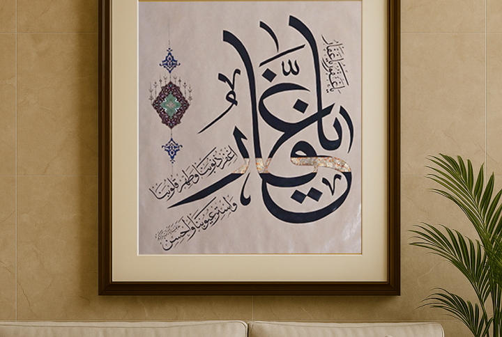 Set against jet-black paper, the calligraphy is adorned with illumination colors enriched with gold, giving the verse a luminous, regal presence. A distinguished piece that reflects both the strength and beauty of prophetic companionship
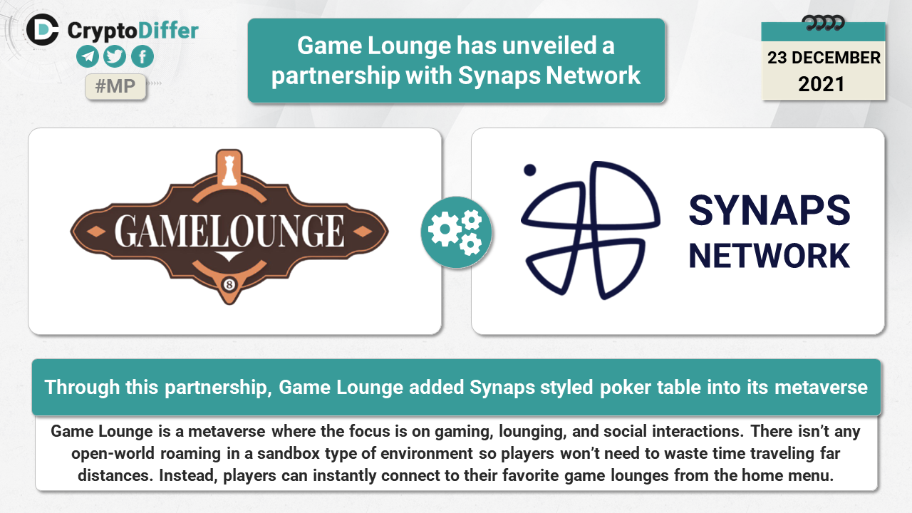 Game Lounge is a metaverse where the focus is on gaming, lounging, and social interactions. Through this partnership, Game Lounge added Synaps Network styled poker table into its metaverse.
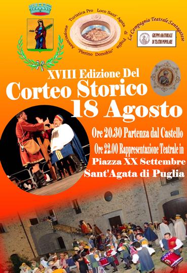 Dopo il grande successo delle precedenti 17 edizioni, torna, a Sant’Agata di Puglia, l’imperdibile appuntamento con lo sfarzoso corteo storico 2016 realizzato dalla Pro Loco “Pierino Donofrio” e dalla Compagnia Teatrale Santagatese, con il contributo dell’Amministrazione Comunale. L’evento si svolgerà il 18 agosto nella suggestiva cornice del centro storico del paese. Una storia a tinte fosche quella del capitano Agatone, Pandolfo IV, principe di Capua e signore di Sant’Agata, personaggio tanto controverso quanto ardimentoso. Le sue vicissitudini, narrate con consumata maestria dall’indimenticabile Sergio Barbato, nell’omonimo testo teatrale rivivono anche quest’anno, in alcune scene salienti, interpretate dagli attori della Compagnia Teatrale Santagatese, a conclusione del corteo storico, nella piazza del paese. Storia misteriosa e affascinante, sospesa tra il comico e il grottesco, capace ogni volta in modo nuovo, di catturare e coinvolgere emotivamente quanti vi partecipano.
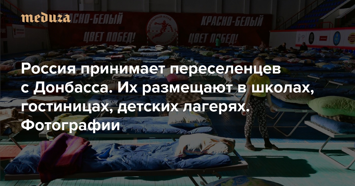 Россия принимает переселенцев с Донбасса. Их размещают в школах, гостиницах, детских лагерях. Фотографии
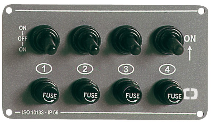 Grado di protezione IP56. Il primo a 3 posizioni (ON-OFF-ON) con 2 circuiti separati, l’ultimo con ritorno a molla per tromba. Carico garantito 15 A con cappuccio in gomma e portafusibili in vetro da 6x32 mm. Pannello in alluminio anodizzato grigia.
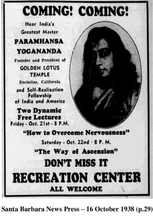 He was born Mukunda Lal Gosh in India on 5 January 1893, the son of a well–to–do Vice–President of a Railroad Company. In 1915 he joined the ancient monastic Swami Order, thus becoming Swami Yogananda, that name being bestowed upon him by his guru in the order. Yogananda means literally “yoga bliss”, signifying one who has achieved union with God through yoga. He went to America in 1920, and in that same year founded the Self–Realisation Fellowship (SRF) in Boston. The following year he established its international HQ in Los Angeles (recall the publisher of his book Wine of the Mystic, mentioned above), the spread of its popularity being surprisingly rapid, this being promoted by extensive lecture tours. Self–Realisation was to be obtained through yoga and meditation, of course, bringing the practitioner closer to God. It also sought to show the basic unity of Eastern and Western beliefs, lectures being delivered on a curious mixture of Christian as well as Hindu topics, as we shall see. The name Paramhansa was bestowed upon Swami Yogananda by another guru in 1935, so that for a while he became Paramhansa Swami Yogananda. The name Paramhansa means literally “the Highest Swan”, the swan being associated with the God Brahma, hence “one who has achieved the highest spiritual realisation.” In 1937 he founded the Golden Lotus Temple, essentially a hermitage and meditation centre, at Encinitas on the Californian coast, but it slid into the sea as a result of coastal erosion in 1942, a disaster which Yogananda is said to have regarded not as Divine Disapproval, but, by analogy with Christ, as its “crucifixion”, urging that it should be followed by its “resurrection” elsewhere – and in multiple sites – all of which duly came to pass, one of them in Hollywood! Between about 1938 and 1948 his numerous lectures can be traced through newspaper adverts, of which more below. He died of a heart attack on 7 March 1952 whilst delivering a speech at a dinner. Some of his disciples, however, believe that his death was a case of mahasamadhi, a master yogi’s conscious decision to leave this life and achieve final unity with the cosmos, free from reincarnation back on earth. It is also said that after his death his body showed little or no sign of physical deterioration – the state of incorruptibility associated with various Christian saints, of course, though some, like St. Bernadette of Lourdes, have admittedly been given a helping hand with a layer of flesh–coloured wax.
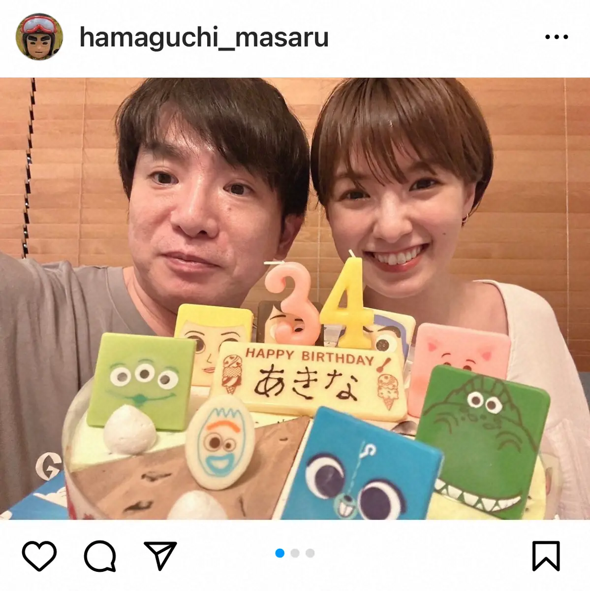 濱口は「#濱口夫婦」「#南明奈 #あっきーな」「#お誕生日おめでとう」「#恒例の #サーティーワン」「#アイスケーキ」とつづり、夫婦ショットを投稿。「#今年は」「#マサルの作ったオムそば で」「#お祝い」と手料理でのお祝いを報告した。

|---|

» Task
From the first line of the entries above down to the line holding "Game Lounge is", quote each line exactly and nothing else, skipping pictures.

» Exercise result
 Set against jet-black paper, the calligraphy is adorned with illumination colors enriched with gold, giving the verse a luminous, regal presence. A distinguished piece that reflects both the strength and beauty of prophetic companionship
 Game Lounge is a metaverse where the focus is on gaming, lounging, and social interactions. Through this partnership, Game Lounge added Synaps Network styled poker table into its metaverse.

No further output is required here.